In need of a quick bite to eat, I stopped by the neighborhood Subway and ordered a turkey sandwich. The cashier, distracted by a conversation with the sandwich-makers, asked the woman in front of me what kind of sandwich she had. "Ham," came the reply. Then the query came to me. "Turkey," I said. After some more chatting with her colleagues, she asked again, "What kind of sandwich did you order?"
"Turkey."
She gave me the price, and I pulled a $10 bill from my turban to pay. "He ordered ham," said one of the sandwich-makers, in the voice of a tattling grade-schooler.
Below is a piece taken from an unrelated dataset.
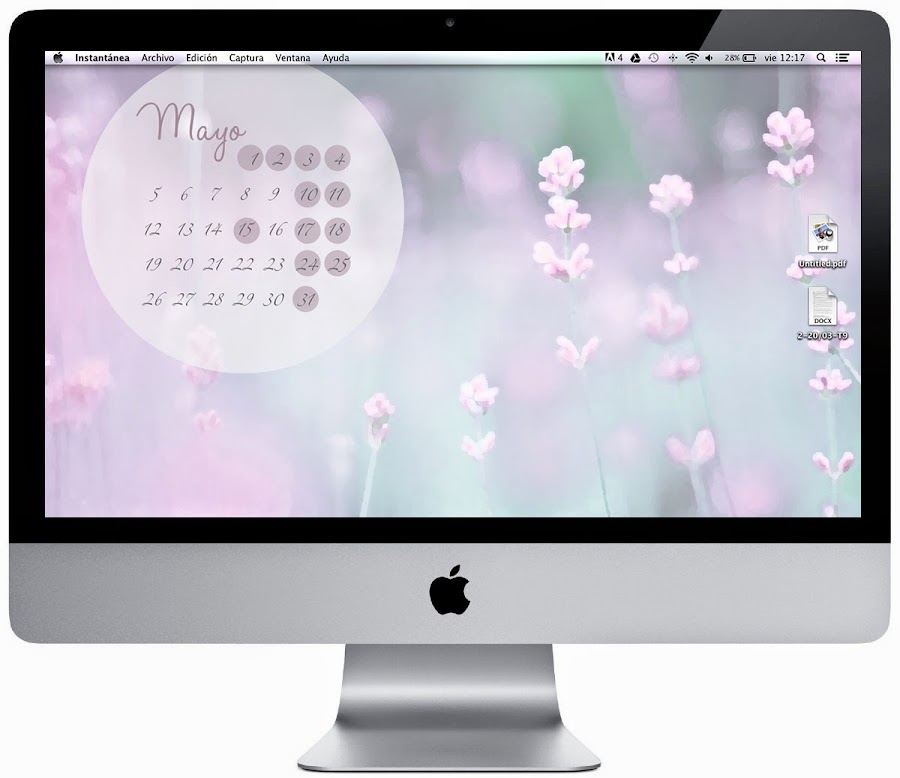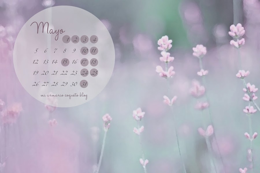 ya hemos entrado en mayo, ese mes tan floreado y que a todas nos gusta tanto a pesar de las molestas alergias. Por eso hoy traigo un fondo de pantalla inspirado en estos motivos florales. Se trata de un campo de lavanda y, como siempre, he añadido el mes para estar siempre al día. La "novedad", por decirlo de alguna forma, en este caso es que he señalado los festivos con circulitos, porque la verdad que este mes tiene bastantes.
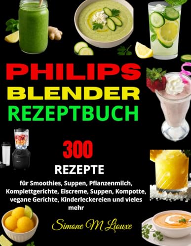 Philips Blender Rezeptbuch: 300 Rezepte für Smoothies, Suppen, Pflanzenmilch, Komplettgerichte, Eiscreme, Suppen, Kompotte, vegane Gerichte, Kinderleckereien und vieles mehr

The cashier shot an accusatory look my way. "What kind of sandwich did you order?" she said. "What did I just tell you?" I barked. "Turkey." And with that I grabbed my change and left.
Keep annoying your customers in this manner, Subway, and I will be forced to declare jihad on that insufferable Jared.
3 comments:
I am upset - do you not like my KIBBLE? Aine
PS When will you post part VI of your blue bull capture adventure?!!
Ayatollah, please feel free to declare jihad on that insufferable Jared.
Also, please check your email. Ria has sent you a Dogster request, if she may be so bold.
Curiously, my WV is "spamgod".
Sorry, Leslee. Those infidels ...
I like all Kibble, Aine. Posting about my Prague adventure is quite emotionally draining.
I don't know, Ranger. They seemed fairly clueless. Infidels ...
I will be happy to welcome Ria to the corral, Sarah O.